*This post was originally published by Andre Ye at Towards Data Science*

Immediately, the authors of the Batch Normalization paper begin by initializing variables.

*Tip*: Machine learning papers are notorious for creating dozens of variables and expecting the reader to know what they mean when they are referenced later. Take a highlighter and highlight where a variable is ‘initialized’ and where it is used henceforth. This will make reading much easier.

The authors present the formula for Stochastic Gradient Descent, initializing several variables, such as the parameters and the maximum number of training examples in the set.

Glossary:

“arg minf(x)” refers to the arguments, or inputs, which minimize the following function, in this casef(x).

In English, the statement reads, “the parameters of the network Θ are equal to the values in which [the average of all values outlined by a function *l* which takes in an individual training point and the current parameters] is minimized.” This is a mathematically rigorous definition of the goal of a neural network. Just for the purpose of being rigorous, often mathematical equations are written to be more complex than they actually are. It’s helpful to write out what an equation means in a human language.

The authors note that with SGD, training proceeds in steps, outlining an additional variable *m* which represents the size of each “mini-batch”. By using mini batches instead of one example at a time, the gradient of the loss is a better estimate for the gradient over the entire set.

The highlighted statement reads, “the average of [the change in the loss function, which takes in the current training example and the parameters, with respect to the parameters] for all values *i* in the training mini-batch”. This is the definition of a ‘gradient’, which calculates the error landscape of the loss function to provide insight on how the parameters should be updated. The use of [fraction][sigma] is almost always a complex way of meaning the average.

Glossary:

∂ is universally used to represent a partial derivative, or a change in a function with two or more variables. A derivative can be thought of, in a simple context, as “a small change in one variable’s effect on another variable.”
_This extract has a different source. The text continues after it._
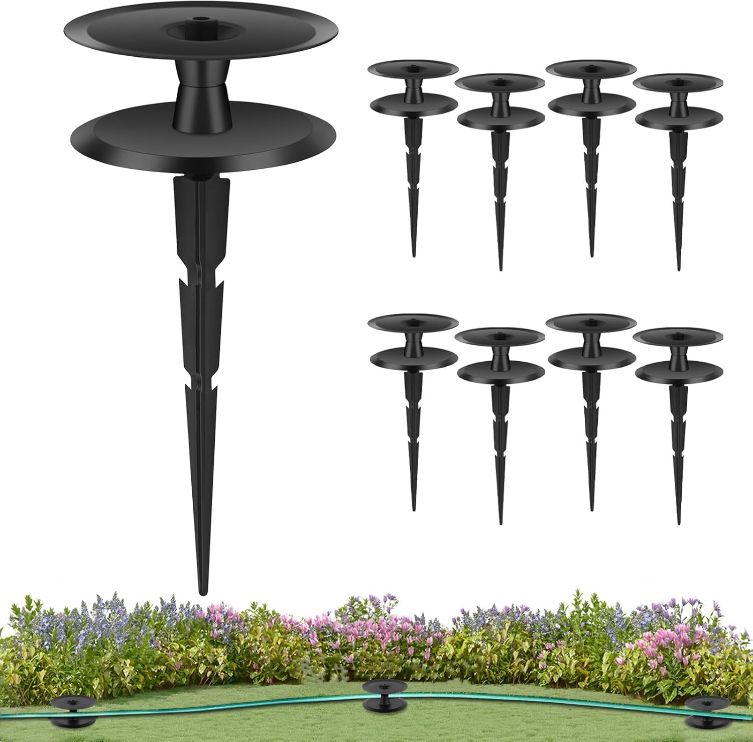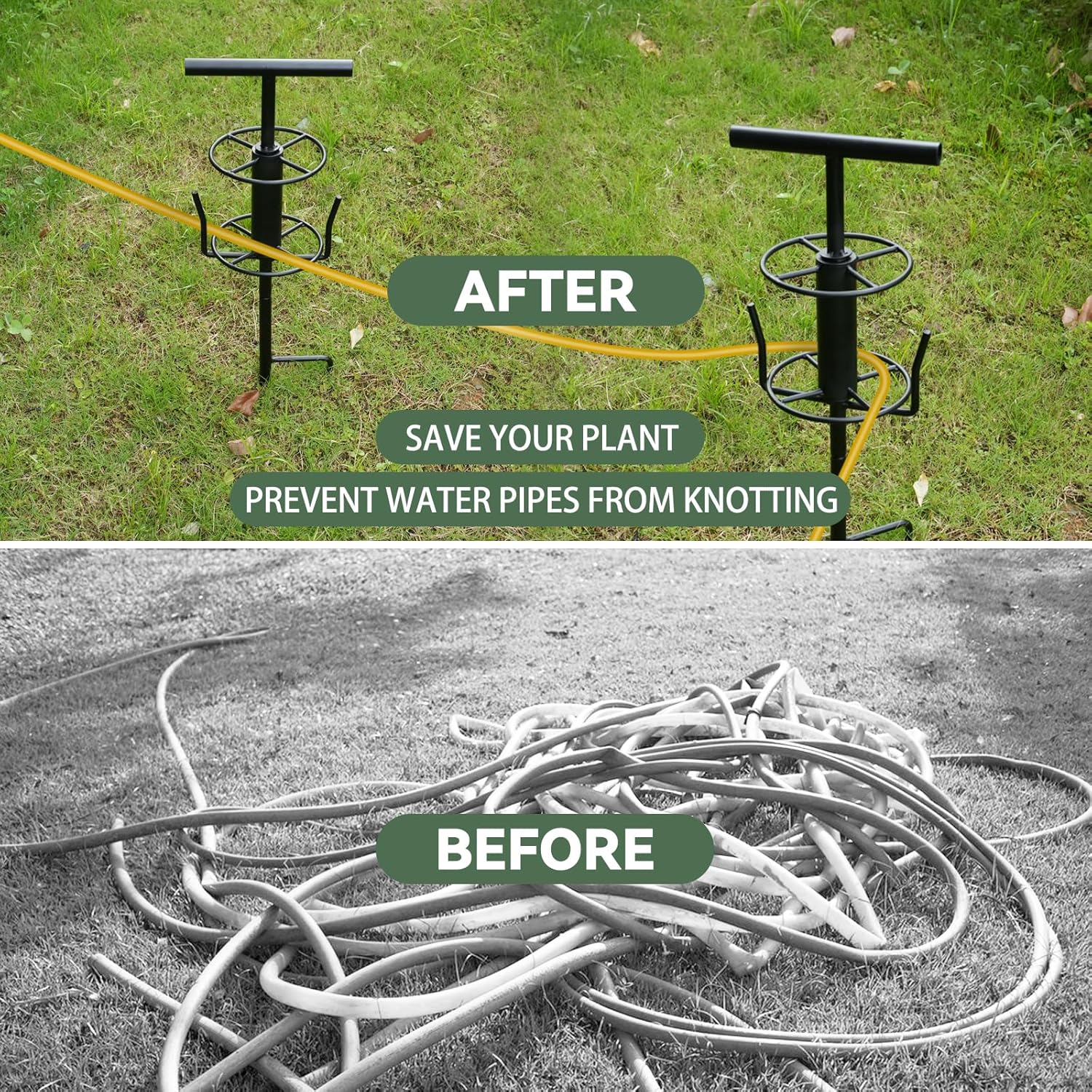 This garden hose guide spike is a useful tool designed to assist in the proper placement and organization of garden hoses.It consists of a sturdy metal spike that can be easily inserted into the ground, providing stability and support for the hose. The main purpose of garden hose spike is to prevent tangling and kinking of the hose, ensuring smooth water flow without any interruptions.By guiding the hose along its designated path, hose guide stakes helps maintain an organized and neat appearance in your garden or yard. Specification: Material: Pure Metal Dimension:Large Color: Black

While SGD works well for a variety of reasons, the authors write that a change in the distributions of one layer’s inputs causes difficulties in the following layers because they need to adapt to the changing distributions, a phenomenon they call covariate shift.
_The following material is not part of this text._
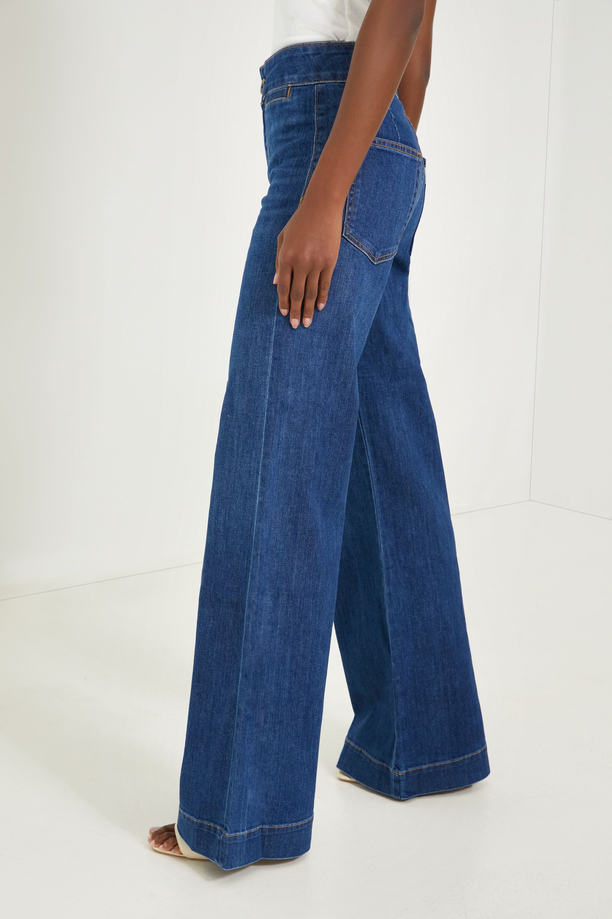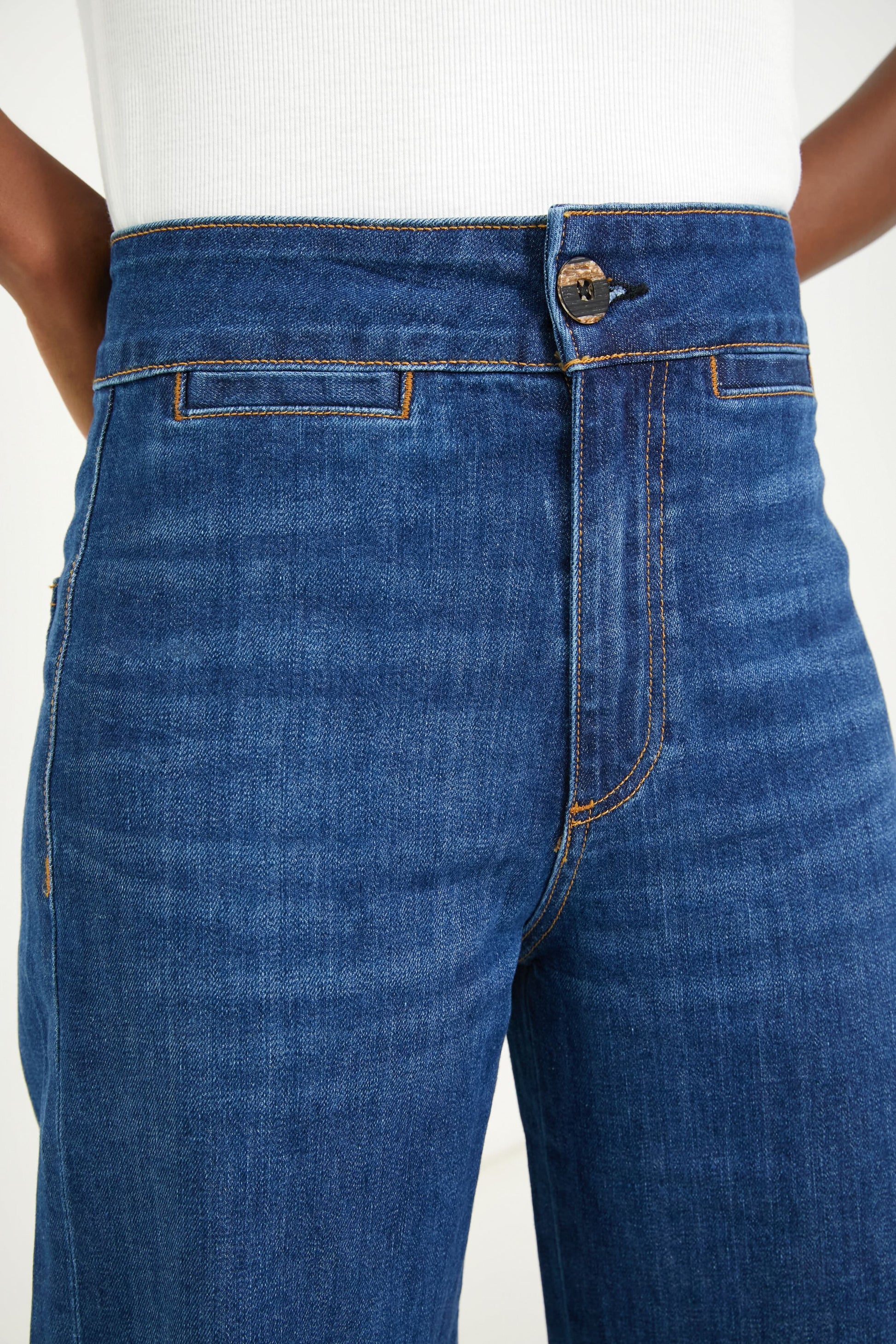 The retro-inspired Mercury Brighton Pant has us in a denim daze! Beautifully crafted from lightweight stretch denim, these high rise jeans are funky and fun. Featuring a flattering slim fit through the thighs and wide-leg cut, these bottoms pair perfectly with any top. Style with a graphic tee and boots for a festival, or dress it up with a blouse, gold jewelry, and pumps for a desk-to-drinks look.

While traditionally this was handled by domain adaptation, the authors believe that the idea can be extended to a sub-network or a layer.

The first highlighted statement reads “the loss is equal to an arbitrary transformation on [a parameter and an arbitrary transformation on (another parameter and an input *u*)]”. In this statement, the authors are setting up a hypothetical network to support their ideas. The authors simplify the initial statement by replacing a component with *x* to represent an input form the previous function. Θ[1] and Θ[2] are the parameters that are learned to minimize the loss *l*. These premises are identical to a complete neural network, simply built at a smaller scale.

The highlighted equation demonstrates the mechanics behind gradient descent, which computes partial derivatives to calculate the gradient, with progress determined by a learning rate. The change, which may be positive or negative, is subtracted to the parameter Θ[2], and is intended to steer the parameters in a direction to minimize loss/*F2*.

The authors write that this gradient descent step is the same for a single network *F2* with the input *x* to establish the legitimacy of comparison between a real neural network and the one hypothesized. Because it Θ[2] does not need to readjust to compensate for a change in the distribution of *x*, it must be advantageous to keep *x*’s distribution fixed.

Note:

This is a common theme in machine learning papers. Because machine learning deals with systems that involve so many more variables and with so much more complexity than other fields, its papers will often follow a three-step process to demonstrating how a thesis works:

1. Create a hypothetical and simple system.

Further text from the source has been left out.